- _Task description_
Once the pictures are set aside, transcribe each line of the listing exactly.

- _Data_
=== Section Start ===

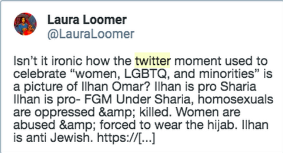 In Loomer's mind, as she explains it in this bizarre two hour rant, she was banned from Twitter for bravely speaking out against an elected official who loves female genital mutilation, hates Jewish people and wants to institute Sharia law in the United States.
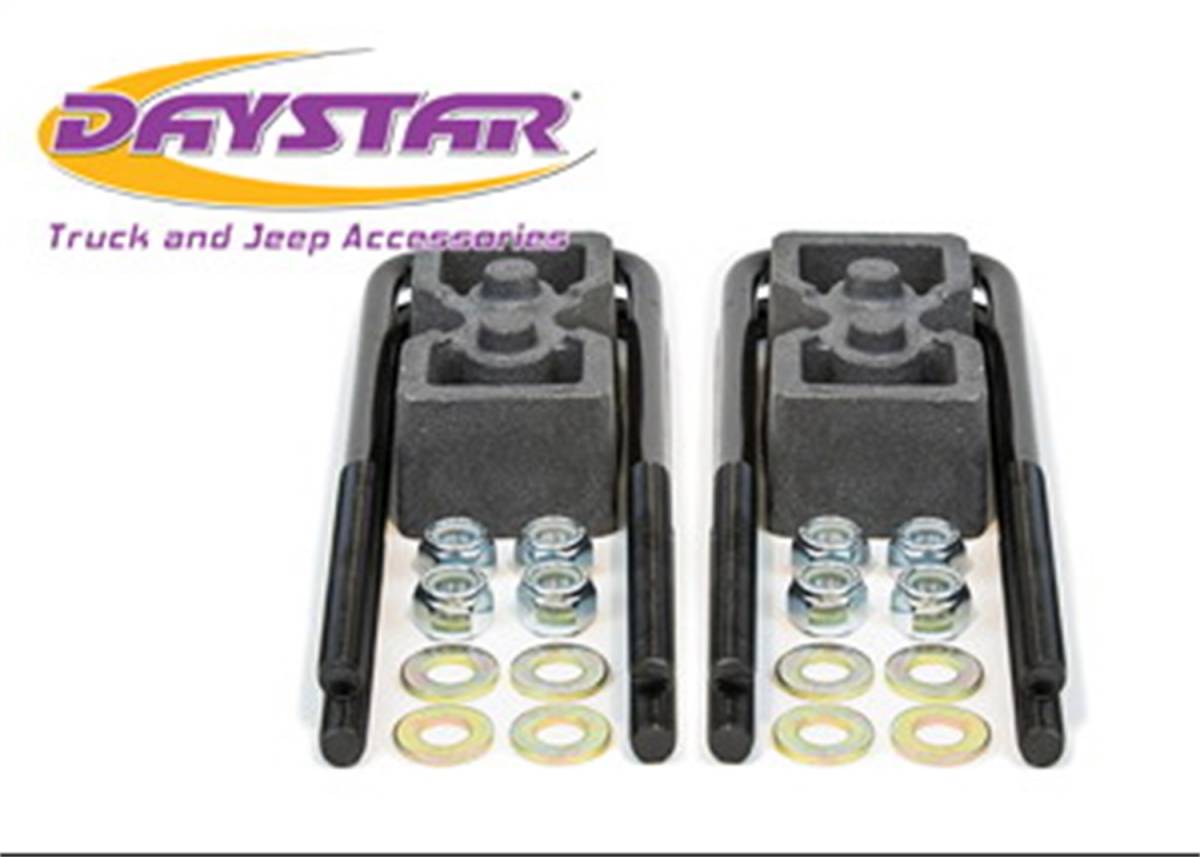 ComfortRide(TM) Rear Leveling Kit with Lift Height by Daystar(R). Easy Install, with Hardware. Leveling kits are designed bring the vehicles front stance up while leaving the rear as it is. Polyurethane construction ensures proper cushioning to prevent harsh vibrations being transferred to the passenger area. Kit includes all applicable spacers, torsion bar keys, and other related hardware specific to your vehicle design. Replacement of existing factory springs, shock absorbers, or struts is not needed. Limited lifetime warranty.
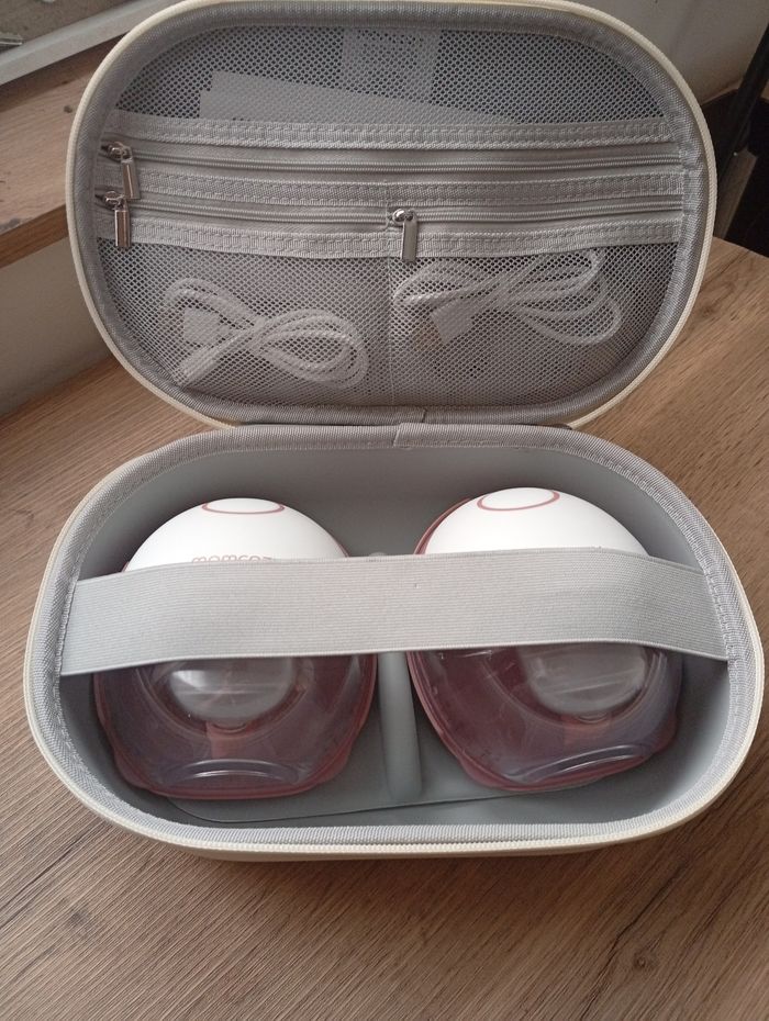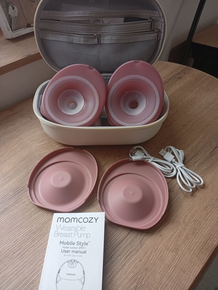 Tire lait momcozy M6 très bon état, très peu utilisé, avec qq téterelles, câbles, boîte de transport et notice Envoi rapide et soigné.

=== Section End ===

- _Result of this task_
 In Loomer's mind, as she explains it in this bizarre two hour rant, she was banned from Twitter for bravely speaking out against an elected official who loves female genital mutilation, hates Jewish people and wants to institute Sharia law in the United States.
 ComfortRide(TM) Rear Leveling Kit with Lift Height by Daystar(R). Easy Install, with Hardware. Leveling kits are designed bring the vehicles front stance up while leaving the rear as it is. Polyurethane construction ensures proper cushioning to prevent harsh vibrations being transferred to the passenger area. Kit includes all applicable spacers, torsion bar keys, and other related hardware specific to your vehicle design. Replacement of existing factory springs, shock absorbers, or struts is not needed. Limited lifetime warranty.
 Tire lait momcozy M6 très bon état, très peu utilisé, avec qq téterelles, câbles, boîte de transport et notice Envoi rapide et soigné.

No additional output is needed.